I think this is about nvidia driver capabilities stuff, and maybe resolves by providing an env var with: compute,utility as value.

Thanks a lot for your answer and sorry for my delayed one !

It took me some time but I finally was able to make it work after much trial and error.

If anyone is interested, here is what I changed:

SwarmSpawner.environment = {
        'NVIDIA_DRIVER_CAPABILITIES': 'compute,utility',
        'NVIDIA_VISIBLE_DEVICES': 'all',
        'GRANT_SUDO': 'yes'
}

On worker nodes, install and configure nvidia-docker-toolkit:
https://docs.nvidia.com/datacenter/cloud-native/container-toolkit/latest/install-guide.html
At the end run:

nvidia-ctk runtime configure --runtime=docker

This changes the file /etc/docker/daemon.json.

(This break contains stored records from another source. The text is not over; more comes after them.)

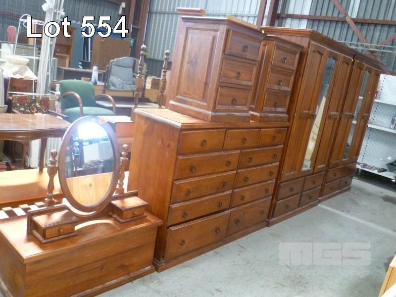 PINE 7 PIECE BEDROOM SUITE INC PAIR WARDROBES, PAIR BEDSIDE CABINET, WIDE CHEST OF 11 DRAWERS, BLANKET BOX & VANITY MIRROR
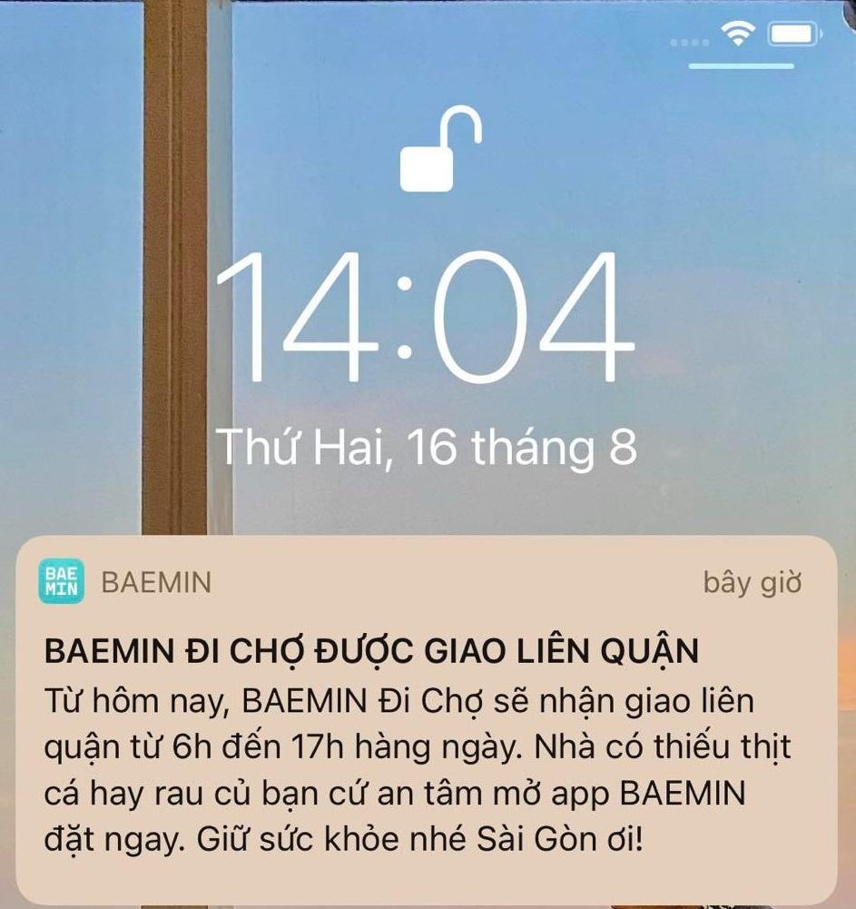 Các ứng dụng như Grab, Gojek, Baemin, AhaMove cũng đã gửi thông báo đến người dùng có thể đặt dịch vụ đi chợ hộ, giao lương thực hoặc các mặt hàng thiết yếu liên quận, huyện và thành phố Thủ Đức.
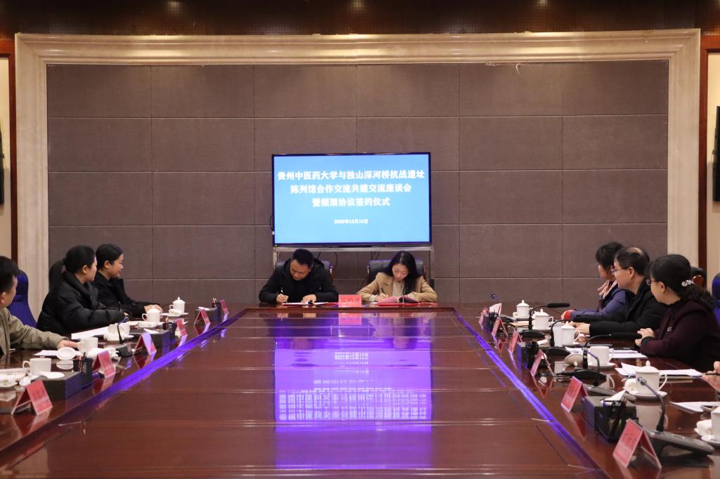 为深化红色资源与思政教育融合,构建校馆协同育人新格局,12月18日下午,永利官网校党委副书记明雪梅带队赴独山深河桥抗战遗址陈列馆开展合作共建交流座谈会暨框架协议签约仪式,双方就共建“大思政课”实践教学基地、深化红色教育与中医药文化融合等事宜达成共识。永利官网党委副书记明雪梅,独山县委常委、县委宣传部部长、县委统战部部长李崇骁出席会议。

Also add "default-runtime": "nvidia" to the daemon json file.

Here is what my /etc/docker/daemon.json looks like at the end:

{
    "live-restore": false,
    "default-runtime": "nvidia",
    "runtimes": {
        "nvidia": {
            "args": [],
            "path": "nvidia-container-runtime"
        }
    }
}
1 Like

If you’re specifying GPU capabilities when spawning, keep an eye on your docker version: docker service create doesn't work when network and generic-resource are both attached · Issue #44378 · moby/moby · GitHub

Yes all servers are at v25.0.3 thanks